• _INSTRUCTIONS TO FOLLOW_:
Look through the data below and, wherever a line carries the word "mosque", please copy that line.

• _PROVIDED DATA_:

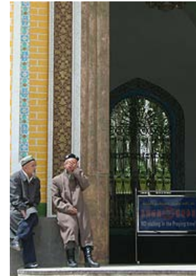
Kashgar mosque entrance

The term Id Kah may also apply to the major mosque of a given city or town. While generally not as large as holiday mosques, jami masjid , or Friday mosques, are local mosques where Muslims attend Friday communal prayers. These mosques are typically located in urban areas. 196 Smaller mosques are found throughout cities, towns, and rural regions. “Orphan” mosques, or yetim , may be found in remote, isolated areas; they historically provided a site of worship to travelers. Reflecting Sufi traditions, mazars , or shrines built around the tombs of revered holy men, are also found throughout Xinjiang. Festivals may occasionally be held at these sites, and some may have mosques attached to them. 197 Overall, according to the PRC government, there are 24,800 venues for religious activities, including mosques, in Xinjiang. 198 Following PRC guidelines, most are overseen by the government.
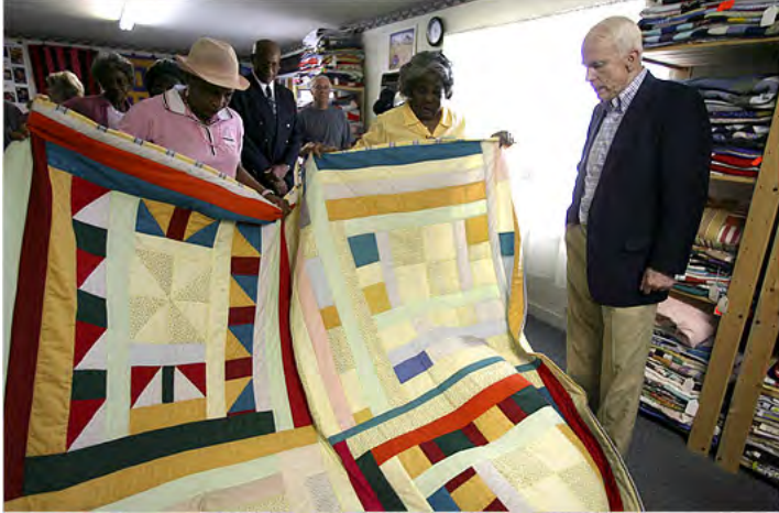
Members of the Gee's Bend Quilters Collective and John McCain.

GEE'S BEND, Ala. — Senator John McCain was serenaded with old Negro spirituals by the quilters of Gee's Bend, Ala., on Monday as he and his campaign entourage made a slow-moving trip by ferry in this isolated, overwhelmingly Democratic pocket of the state.

• _FINISHED EXERCISE_:
Kashgar mosque entrance
The term Id Kah may also apply to the major mosque of a given city or town. While generally not as large as holiday mosques, jami masjid , or Friday mosques, are local mosques where Muslims attend Friday communal prayers. These mosques are typically located in urban areas. 196 Smaller mosques are found throughout cities, towns, and rural regions. “Orphan” mosques, or yetim , may be found in remote, isolated areas; they historically provided a site of worship to travelers. Reflecting Sufi traditions, mazars , or shrines built around the tombs of revered holy men, are also found throughout Xinjiang. Festivals may occasionally be held at these sites, and some may have mosques attached to them. 197 Overall, according to the PRC government, there are 24,800 venues for religious activities, including mosques, in Xinjiang. 198 Following PRC guidelines, most are overseen by the government.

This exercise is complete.